What I'm having trouble with is differentiating between assessment and diagnosis. I'm thinking I would assess the following:

Ability to perform self-care

Degree of assistance required

Mental Status

But how do you "diagnose" self-care deficit? Are there specific tests? ROM?

Also, for treatments I have listed Assistance with ADLs and Range of Motion exercises as ordered by physician. Not really sure what more can be done considering the hemiplegia.

Any help would be greatly appreciated!!

Specializes in LTC, Memory loss, PDN.

Is this a real or a textbook patient? If real, assess and obtain hx, may need to consult family if speech et communication are affected. Is there right sided neglect? If text book patient, consider changing to potential for.

OT, adaptive devices, safety measures. Teach active ROM. BTW, rarely have seen Dr. order for ROM.

Specializes in Maternity.

the "diagnosis" part comes from your evidence. for instance, it could be diagnosed based on the fact that she is unable to lift her hand to brush teeth/hair, adjust self w/o assistance, dress self.....or whatever (you get the point!)

you don't really need to use a specific "test" to diagnose, it's what you have witnessed/heard/smelled during your assessment that is presenting a problem with self-care.

good luck!!

Specializes in Hospital Education Coordinator.

What can they NOT perform for themselves that they were able to do earlier and what interventions can be done? For instance, can they perform all ADL's? If not, will ROM or some tool be effective in assisting them? Do you need to involve another discipline, like PT/OT? How soon would you expect the patient to be able to do that task once the intervention has taken place?

you don't start with a diagnosis and then go look for evidence. that's completely backwards. you start with evidence, then use it to make the diagnosis. how would you like it if you went to a physician and he said, "well, you've got cancer. let's go look and see what we can find that supports my diagnosis." screwy, right?:rolleyes: nursing diagnosis is no different-- assess first, then make your diagnosis. in school they ask you for "related to" (that would be "caused by" or "because he has...", in this case, the cva) and "as evidenced by" because they want to know how you reached that conclusion. after you graduate you will find that you don't need to write the "aeb" because real nurses will know why, and after awhile you won't even need the "r/t," for the same reason.

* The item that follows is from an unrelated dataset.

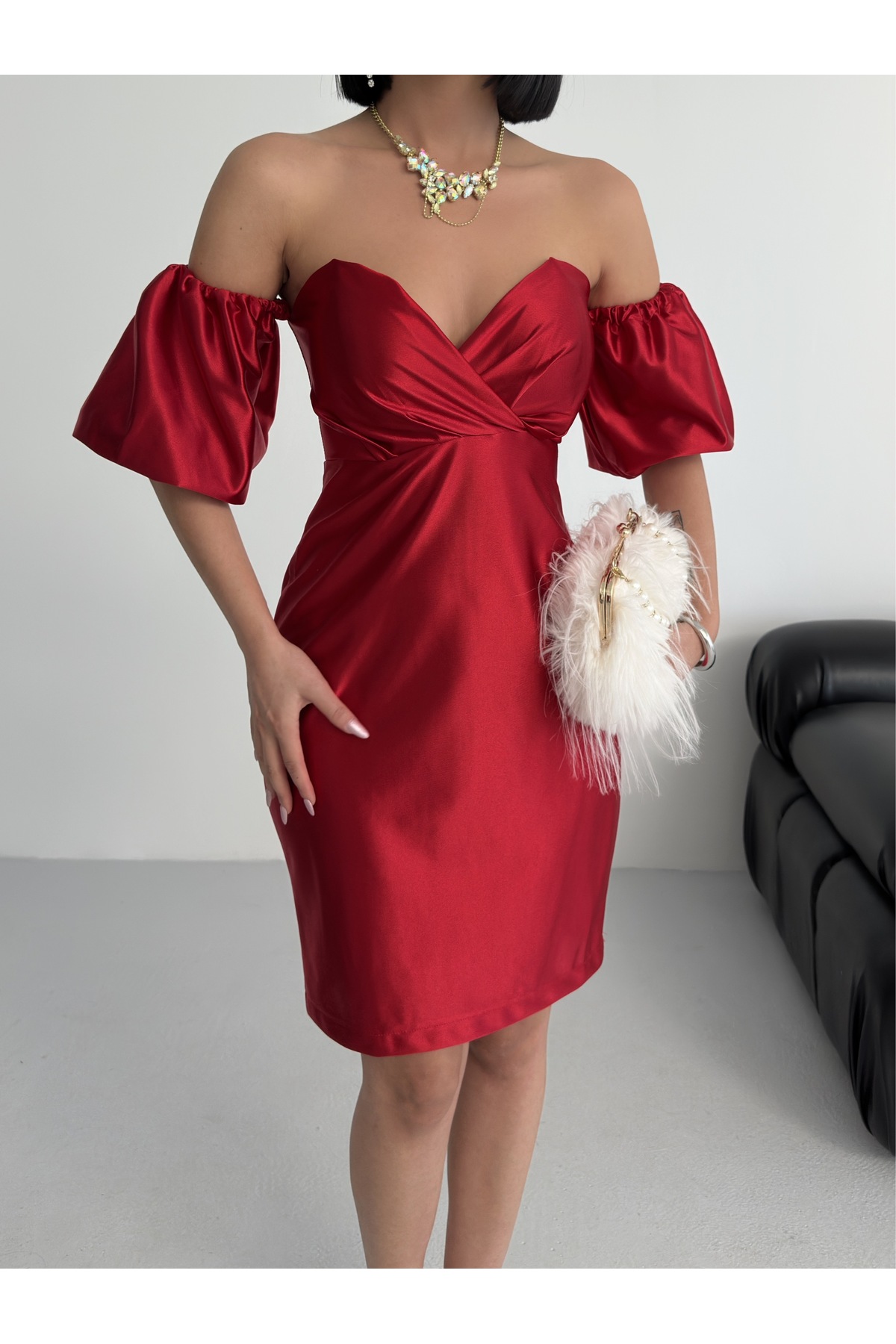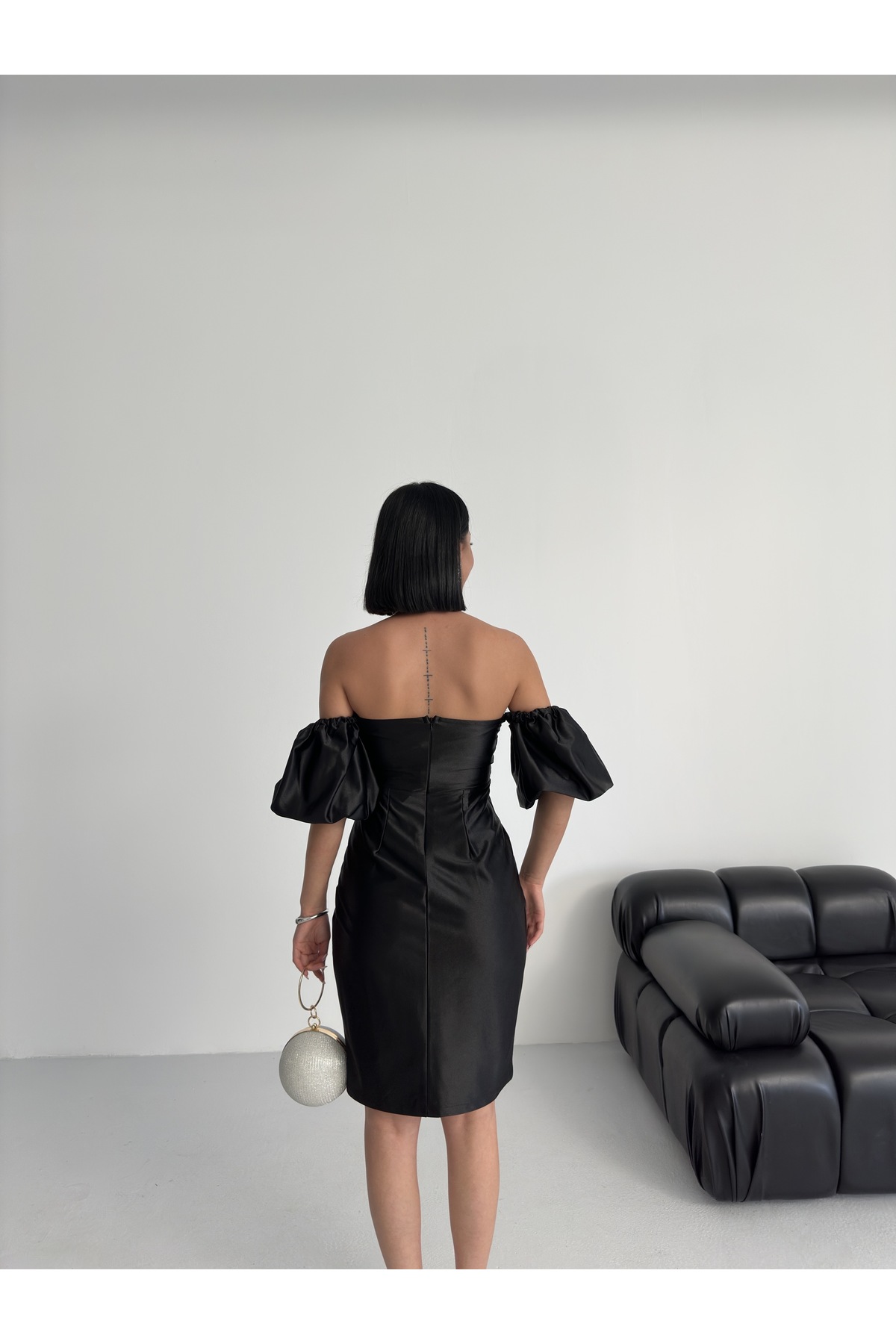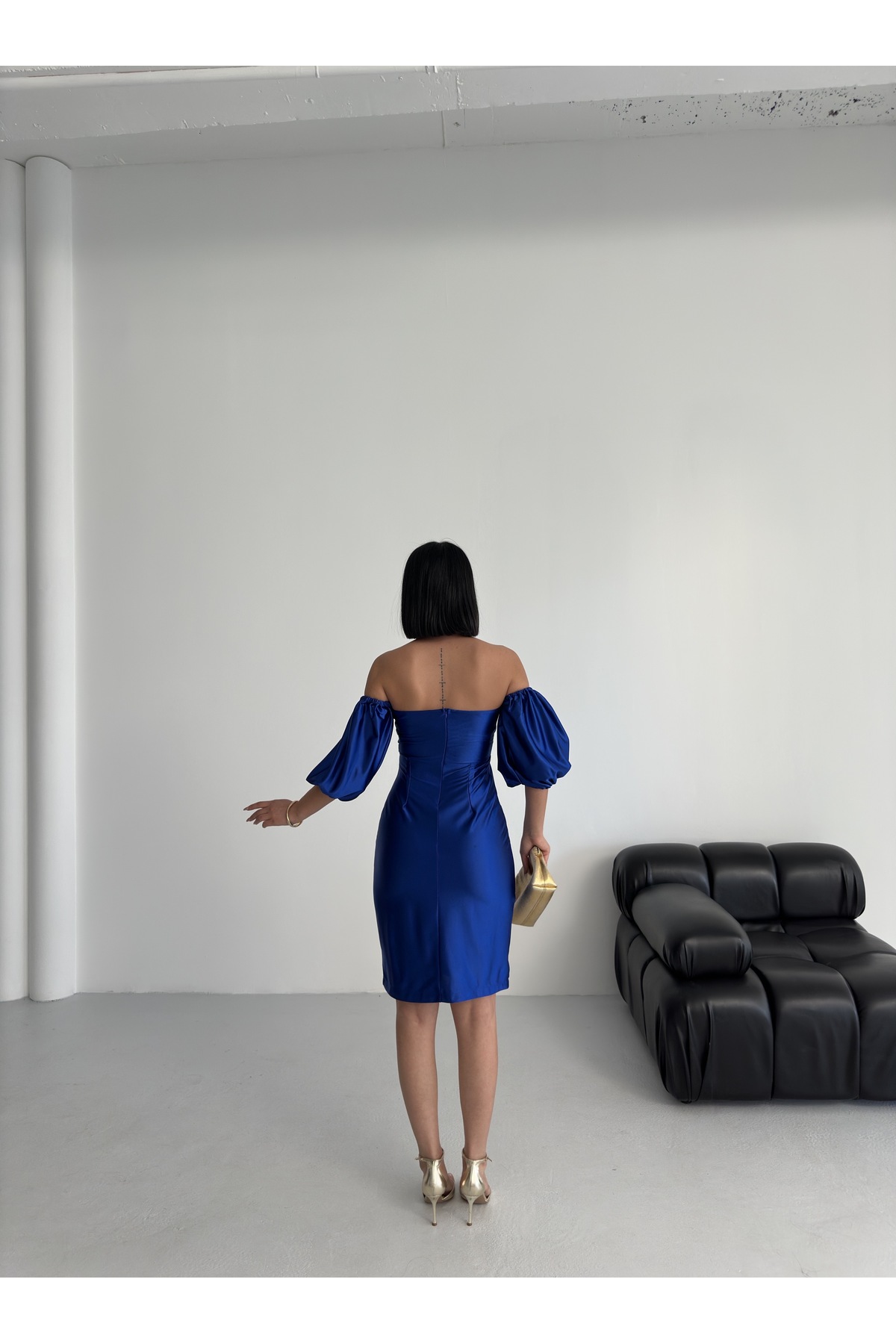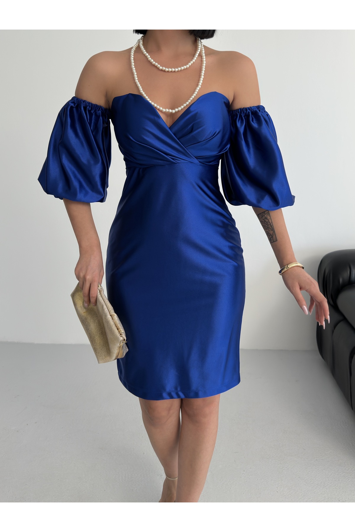 Bandeau Balon Kol Bodycon Mini Abiye Elbise

for example, if i admit a 55-year-old with diabetes and heart disease, i recall what i know about dm pathophysiology. i'm pretty sure i will probably see a constellation of nursing diagnoses related to these effects, and i will certainly assess for them-- ineffective tissue perfusion, activity intolerance, knowledge deficit, fear, altered role processes, and ineffective health management for starters. i might find readiness to improve health status, or ineffective coping, or risk for falls, too. these are all things you often see in diabetics who come in with complications. they are all things that nursing treats independently of medicine, regardless of whether a medical plan of care includes measures to ameliorate the physiological cause of some of them. but i can't put them in any individual's plan for nursing care until *i* assess for the symptoms that indicate them, the defining characteristics of each.

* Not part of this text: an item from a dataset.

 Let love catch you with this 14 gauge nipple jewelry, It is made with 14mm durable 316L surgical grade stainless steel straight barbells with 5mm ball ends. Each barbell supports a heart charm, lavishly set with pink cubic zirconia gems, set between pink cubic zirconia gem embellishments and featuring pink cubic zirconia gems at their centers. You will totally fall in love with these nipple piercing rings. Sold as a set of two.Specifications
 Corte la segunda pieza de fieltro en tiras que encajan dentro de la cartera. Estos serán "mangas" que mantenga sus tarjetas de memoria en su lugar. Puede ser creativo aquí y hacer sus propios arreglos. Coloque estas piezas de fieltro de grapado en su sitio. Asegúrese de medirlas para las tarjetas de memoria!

so... how did you get into this position? :idea:did you look at this patient and observe that s/he can't do things for him/herself? then you have supporting data for your diagnosis. take it from there.

This is not an actual patient. This is a case scenario...guess I should have specified that at the beginning.

The only info I have is that the patient has had a recent left-sided CVA and curently has right-sided hemiplegia and slurred speech. That's all I have to go on.

I see where you're coming from and it definitely makes sense. Were this an actual person, I would have done further assessments.